Evolutionary biologists claim that ‘man’ is a complex adaptive system involved in a constant interaction with his environment and with the aim of adapting himself as well as possible to that environment in order to upkeep his own biological system (Chisholm [25], cited by Mouwen [26]). Using his cognitive capacities a person can make an internal representation of reality. This is done by picturing what things are like and transforming these impressions in some narrated form that makes sense. This internal representation, that also comprises the self-image, functions as an interface between oneself and the world. The internal representation must be kept up-to-date to enable the person to act adequately, predict what is coming upon his/her path and attune his/her response to it (Holland [27], cited by Mouwen [26]). It is a continuous process of attuning and testing. How a person sees one’s self as a unique individual is also subject to this testing and attuning and is experienced as the question we ask ourselves about the meaning of our lives. The attuning and testing of the internal representation is usually embedded in daily activities. Curiosity, exploration, play and imagination function as urges for a person to look actively for optimal conditions for maintaining one’s self as an organism on a highly complex level. Emotions play an important role in guiding this process of adaptation. Emotions cause a feeling of urgency that helps someone to focus his attention on important choices, as has also been confirmed in neurobiological research [28]. This process is part of the engagement with others and the involvement in the world (someone’s environment). It is very much interactional and experiential. In other words: it is linked up with doing and acting and what you feel and experience as a consequence (‘enactment’). The self-image it contributes to, does not reside somewhere ‘between the ears’ but at the extremities of the nerves where these have an open contact with the world outside oneself. In recent studies into consciousness and emotions ‘enaction’ has been recognized as an important concept: “Consciousness in any modality depends on an enactive emotional component motivating attention; eventrelated potentials further suggest that this motivationally valenced ‘looking-for’ dimension is the conscious dimension of seeing or thinking [29]”.

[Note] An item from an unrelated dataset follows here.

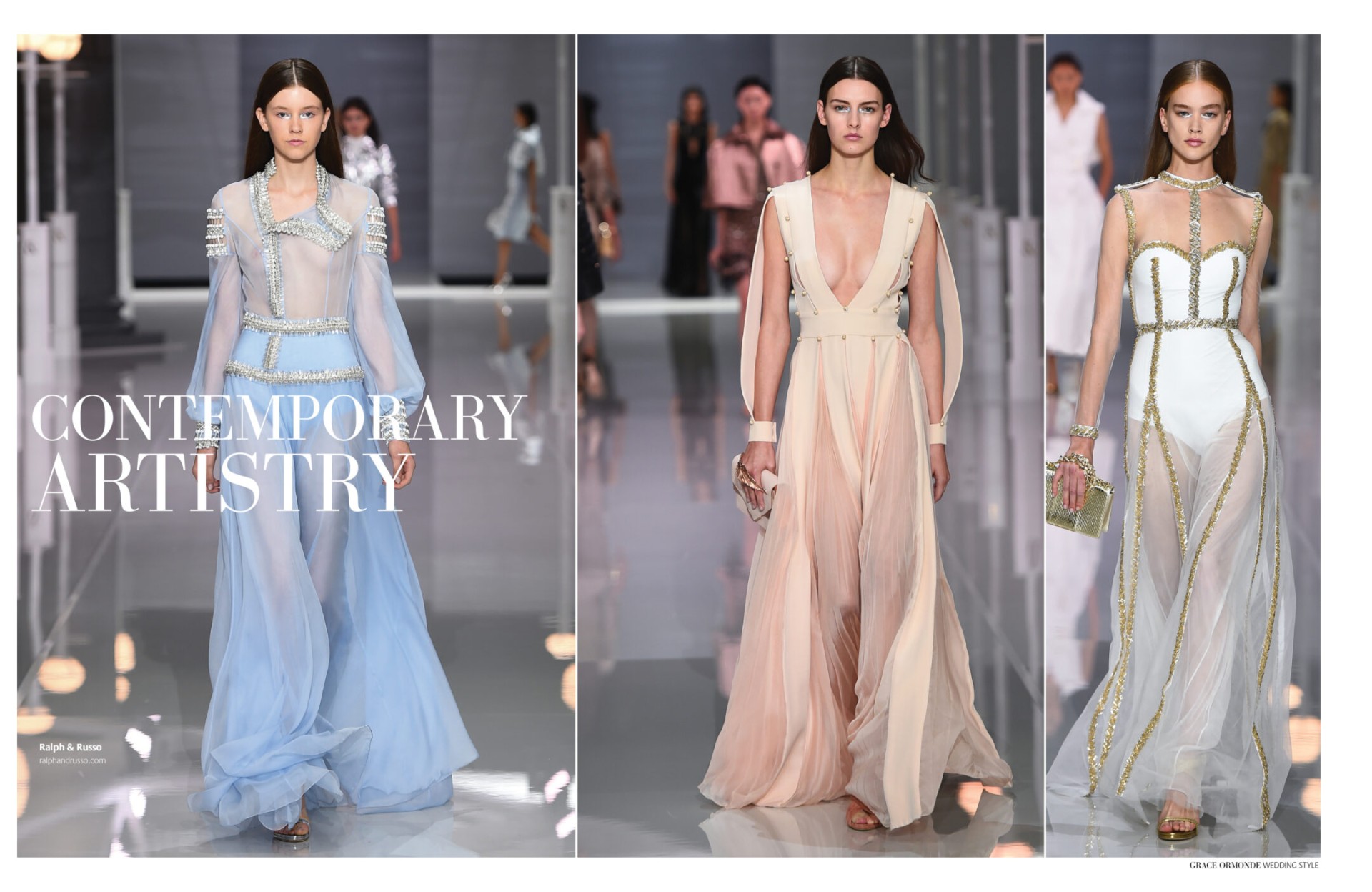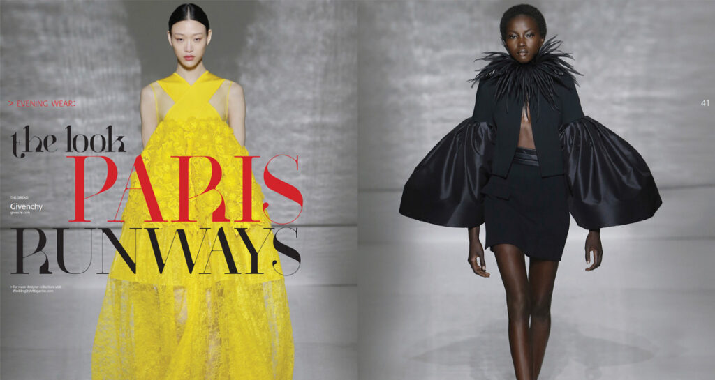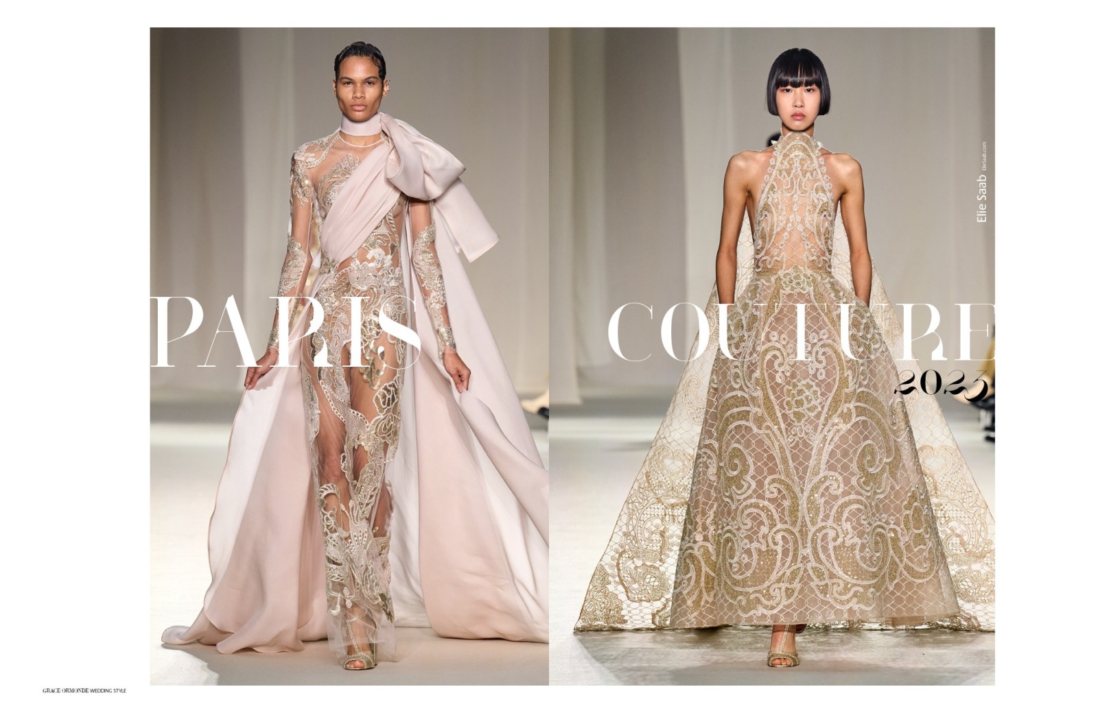 FALLING FOR NEUTRALS – FALL/WINTER 2023 EVENING COUTURE Neutrals took center stage on this season’s catwalks, with the Fall/Winter 2023/2024 evening couture aesthetic being a sophisticated glamorous, and vampy mix of black lace, nude tones, and structured shapes. Brides-to-be and bridesmaids alike may draw fashion inspiration from these evening couture collections, as they present some

The above process is not a random one. We may speak of a ‘psychological niche’ in which someone has organized his orientations (cognitions) towards the world. These orientations constitute a set that can be used to select information from the environment as taking in total reality would cause an overload of our nervous system. We can see these blocks of information as environmental variables for someone to respond to and play upon with action. The neuro-cognitivists label these variables as ‘affordances’: available potentials. Humans are complex, selfregulative organisms that monitor whether internal or external conditions (read ‘affordances’) can be manipulated in order to realize a certain pattern of action. Action patterns must preferably bring the level of functioning to a higher level of energy exchange [29]. Emotions have a role in prioritizing which action pattern must be activated. The stories that accompany these action patterns are the internal and, when told to others, the external representation that go with them.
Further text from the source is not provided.